This project provides tools to create training datasets for NitroGen using the BizHawk emulator.
It consists of two parts:
- Lua Script (
export_dataset.lua): Runs inside BizHawk to export gameplay frames and controller input. - Python Script (
convert_dataset.py): Converts the exported data into a Parquet file compatible with NitroGen training and pre-processes images (saves as Hugging FacedatasetsImage type).

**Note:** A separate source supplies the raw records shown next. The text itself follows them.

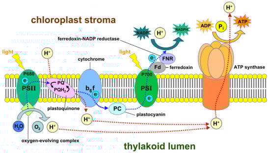 Inside autotrophs, i.e., self-feeding plants, photosynthesis is carried out in special structures of the plant cell called chloroplasts. Photosynthesis is a two reaction set mechanism: (i) light-dependent reactions [] and (ii) the Calvin cycle [], as depicted in Figure 8 and Figure 9, respectively. Chloroplasts contain small disc-like structures called thylakoids [], which are surrounded by colorless fluid stroma. Light-dependent reactions occur in thylakoid, whereas light independent reactions or the Calvin cycle occur in stroma. Thylakoid converts light energy from the sun to chemical energy, which ultimately drives the synthesis of glucose. Each thylakoid contains a pair of photosystems called photosystem-I and photosystem-II, which work together to achieve this goal. These photosystems contain chlorophyll molecules, which capture incoming photons of light, thereby exciting their electrons to a higher state. These excited electrons are emitted and channeled to a single chlorophyll molecule called the reaction center chlorophyll. Photons strike both photosystems simultaneously.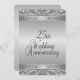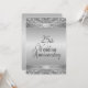 Convites elaborados de aniversário de casamento de prata para uma recepção / festa de 25 anos de casamento. Frente e verso prateados com texto preto no verso dão um visual sofisticado a este convite de aniversário único.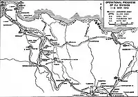 Before the execution of Kin'ichi's plan, other elements of the Nasu Detachment (mainly the 16th Infantry Regiment) began arriving in Leuwiliang and reinforcing the Japanese position.[20] That afternoon as well, the American batteries began firing at the rear of the Japanese vehicle column. After the initial surprise, the Japanese countered with their mortars and own artillery, causing some Australian casualties.[21] As the night came, Nasu overrode Kin'ichi's plan to employ his regiment for the night raid, substituting the 16th regiment instead—as he judged that Kin'ichi's regiment had taken a significant amount of fighting after their landing. The 16th regiment's commander then ordered its 3rd battalion to make a crossing of the Tjianten three kilometers south of the bridge, supported by an artillery company and with the 2nd battalion as a reserve. The 3rd battalion's advance units crossed the river first, and the rest of the battalion arrived at the crossing point sometime after midnight. Due to the river being swollen by a squall, by 5:30 a.m. only two companies had largely managed to cross.[22] The Australians had managed to spot the southerly movement of the Japanese units during the night due to lights from their trucks.[21]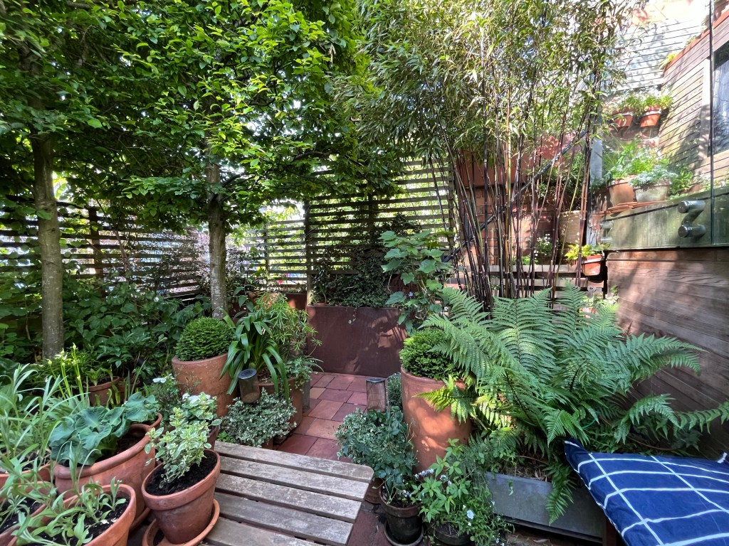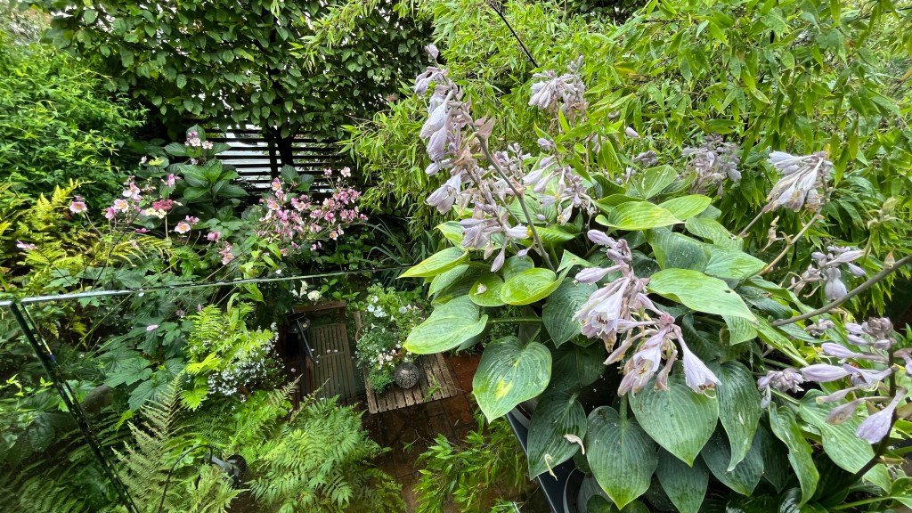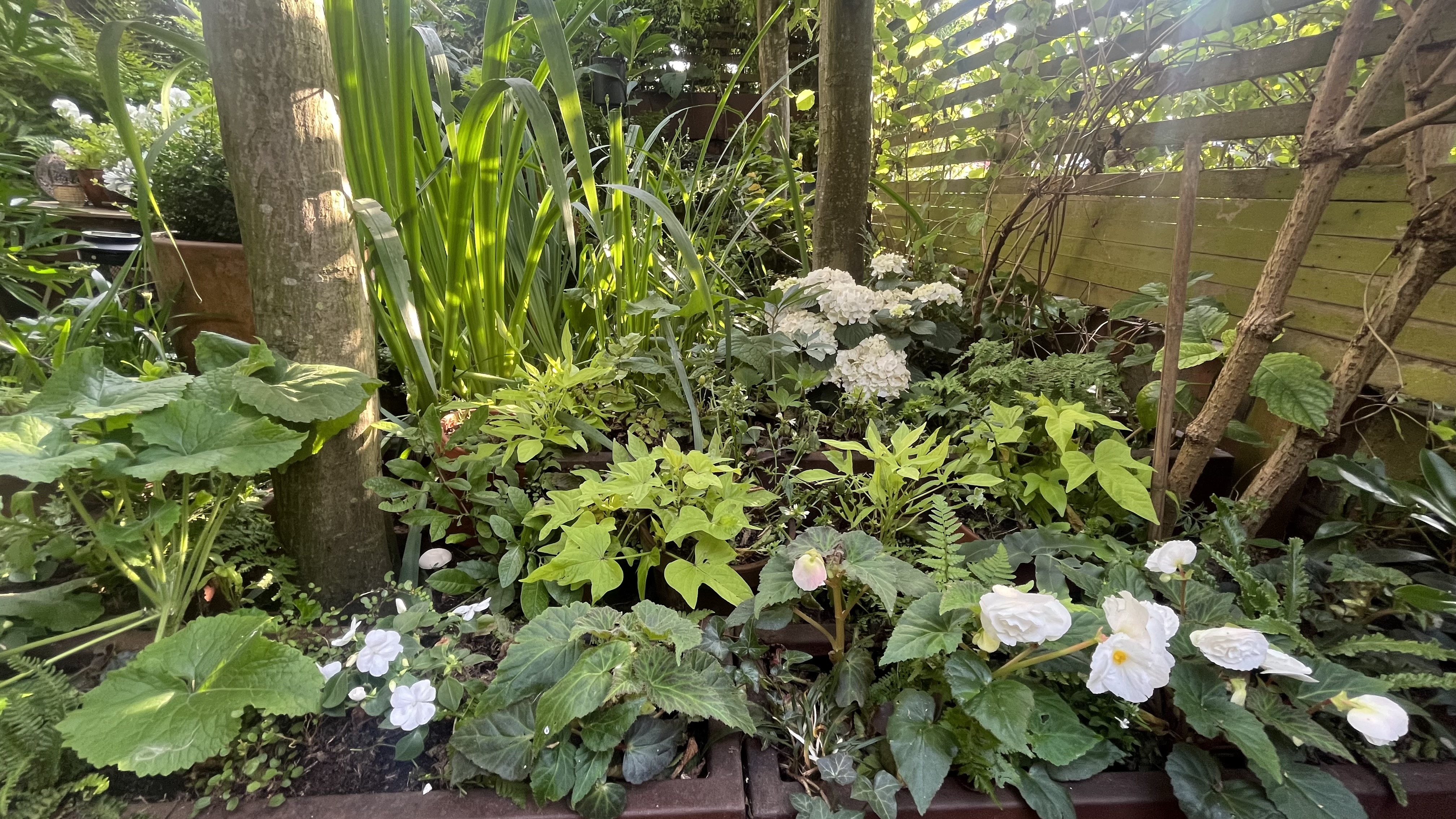 Three preached hornbeam trees provide privacy and a green wall. A raised bed and corten steel planters are full of lush planting with the occasional flash of white flowers. Every space is filled with plants including ferns, hydrangeas, anemone, hostas, hazel, bamboo, and roses. Wall topped planters squeeze in more planting space, and a environmentally friendly (but not very attractive) air-source heat pump is disguised beneath a shelf of potted plants. Even the water butt has a duel use hosting a potted water loving arum Lilly.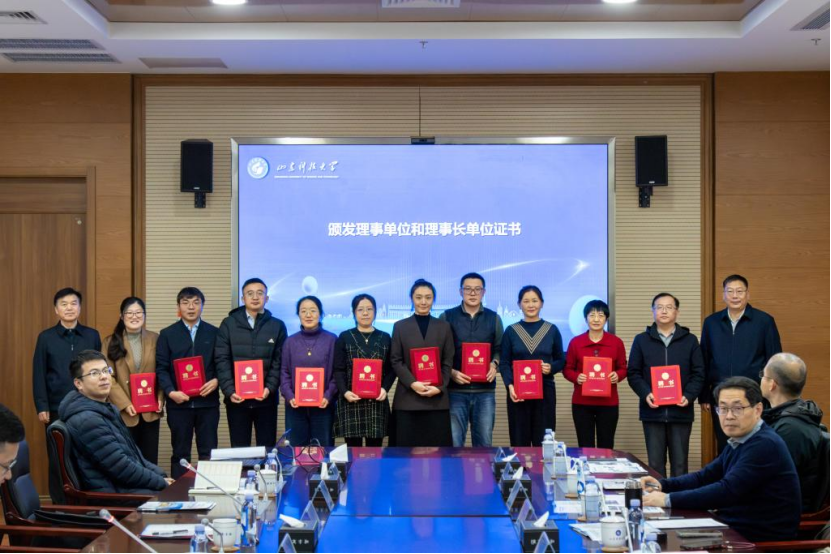 会上,研究生院与学科建设办公室负责人韩作振宣读联合体第一届理事会名单。山东科技大学当选为理事长单位,北京星天科技有限公司、中国海洋大学等23家单位担任理事单位。诸葛福民与韩作振共同为理事单位颁发证书。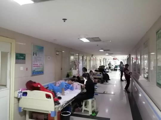 在周口市中心醫(yī)院門診部輸液處,數(shù)排輸液座椅坐滿了輸液的患者,患者中絕大部分是孩子。在周口市中心醫(yī)院住院部11樓兒科A、B兩個病區(qū),每個病房內(nèi)全部住滿患者,病區(qū)走廊已經(jīng)布滿加床,一些病人只能臨時住在加床上。可以看到加床的編號,已經(jīng)排到了50號之后。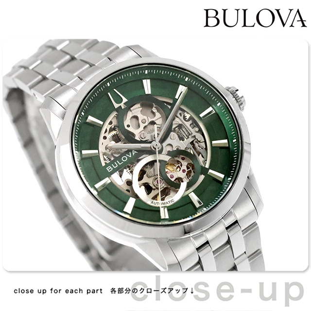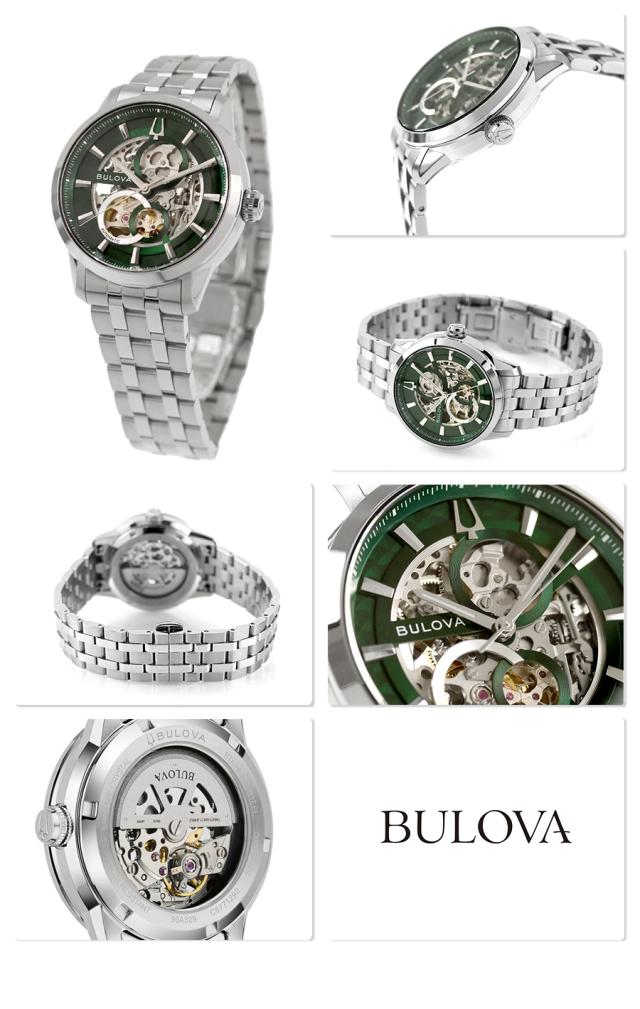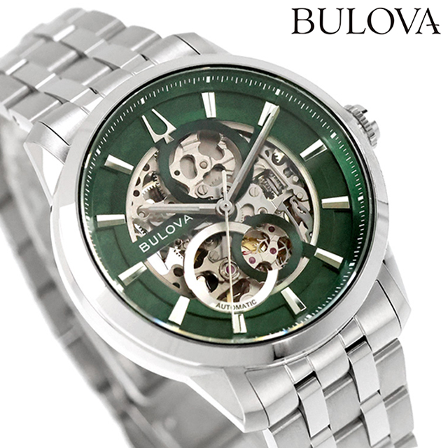 【ショッパー付】 ブローバ クラシック メカニカル 自動巻き 腕時計 ブランド メンズ オープンハート BULOVA 96A329 アナログ グリーン おしゃれ 防水 プレゼント 男性 実用的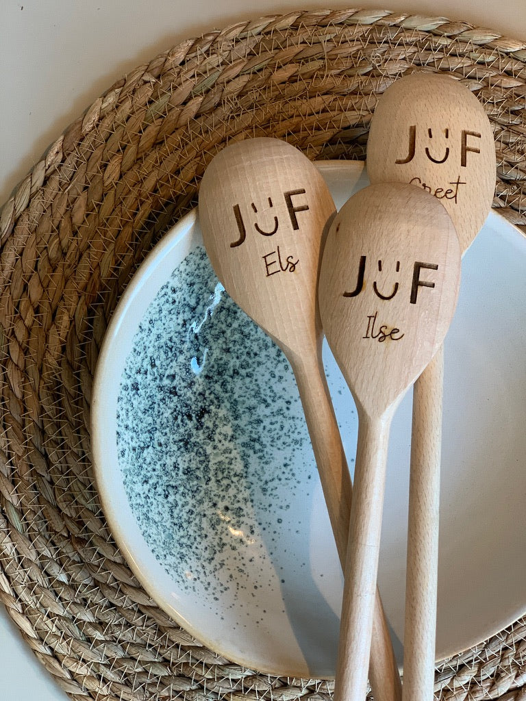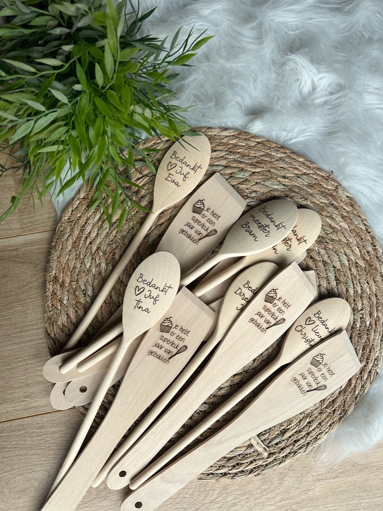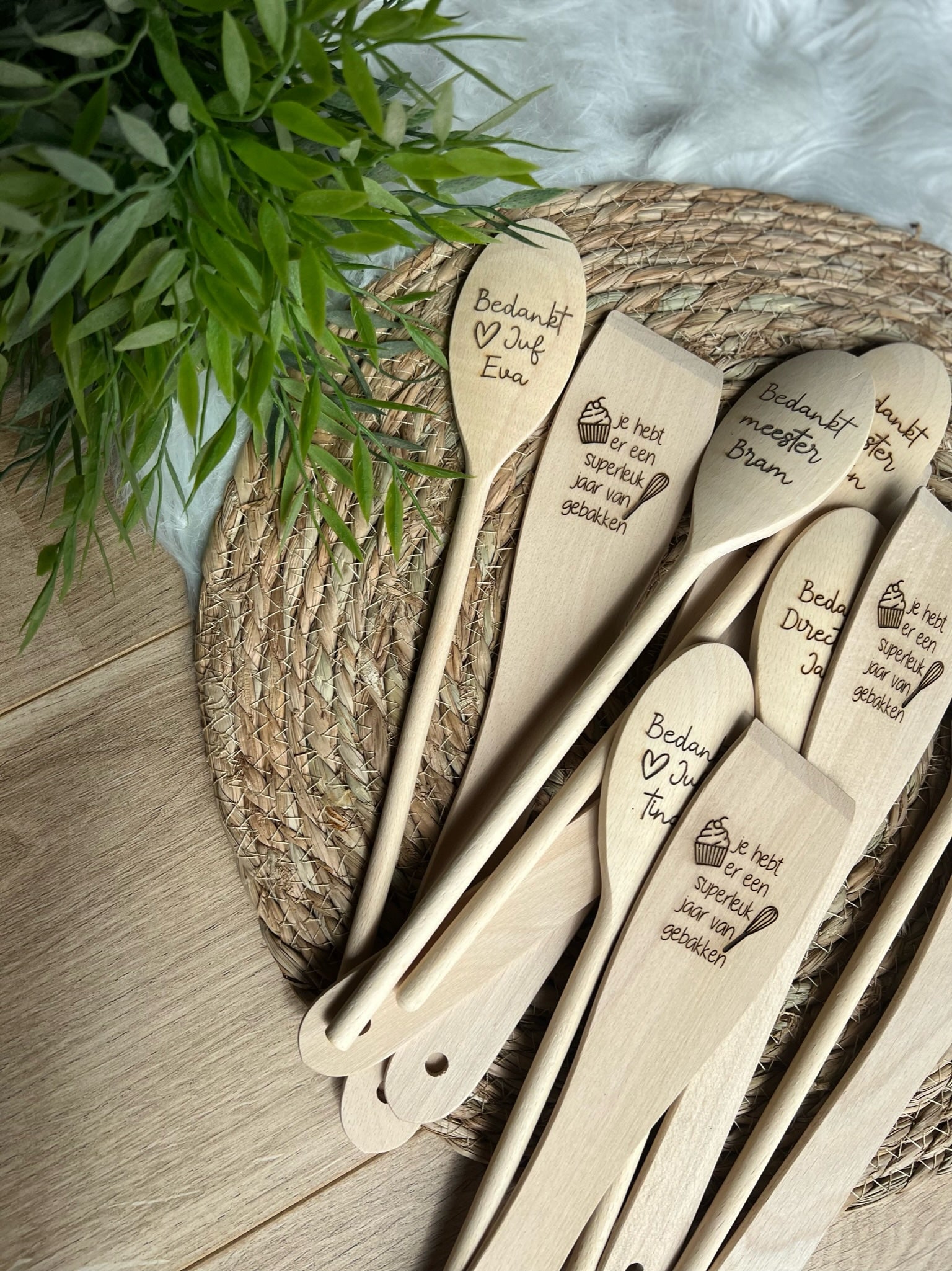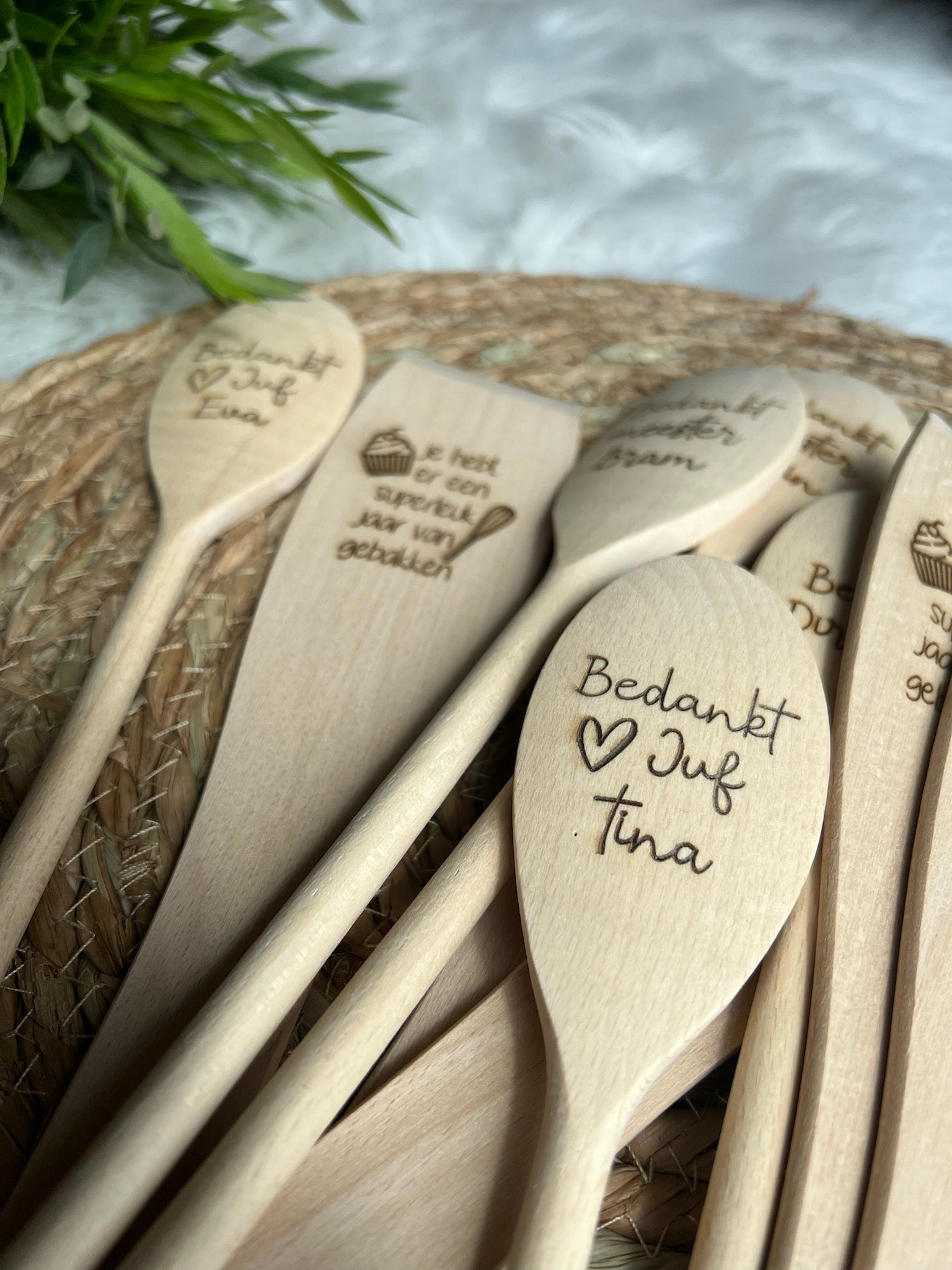 Houten lepel met opschrift naar keuze. Stuur ons tijdens of na de bestelling een berichtje met het het opschrift en het gewenste lettertype.

- BizHawk Emulator (Version 2.9+ recommended)
- Python 3.8+
- Git (optional, for cloning)
- Clone this repository or download the files.
- Install Python dependencies:
pip install -r requirements.txt- Open BizHawk.
- Load your ROM (NES or SNES recommended).
- Load a Movie file (
.bk2) that you want to convert to a dataset.- Tip: Ensure the movie mode is set to "Play".
- Open the Lua Console (
Tools > Lua Console). - Click Script > Open Script and select
export_dataset.lua. - The script will automatically create a
nitrogen_dataset/folder and start exporting. - The script will automatically stop when the movie finishes.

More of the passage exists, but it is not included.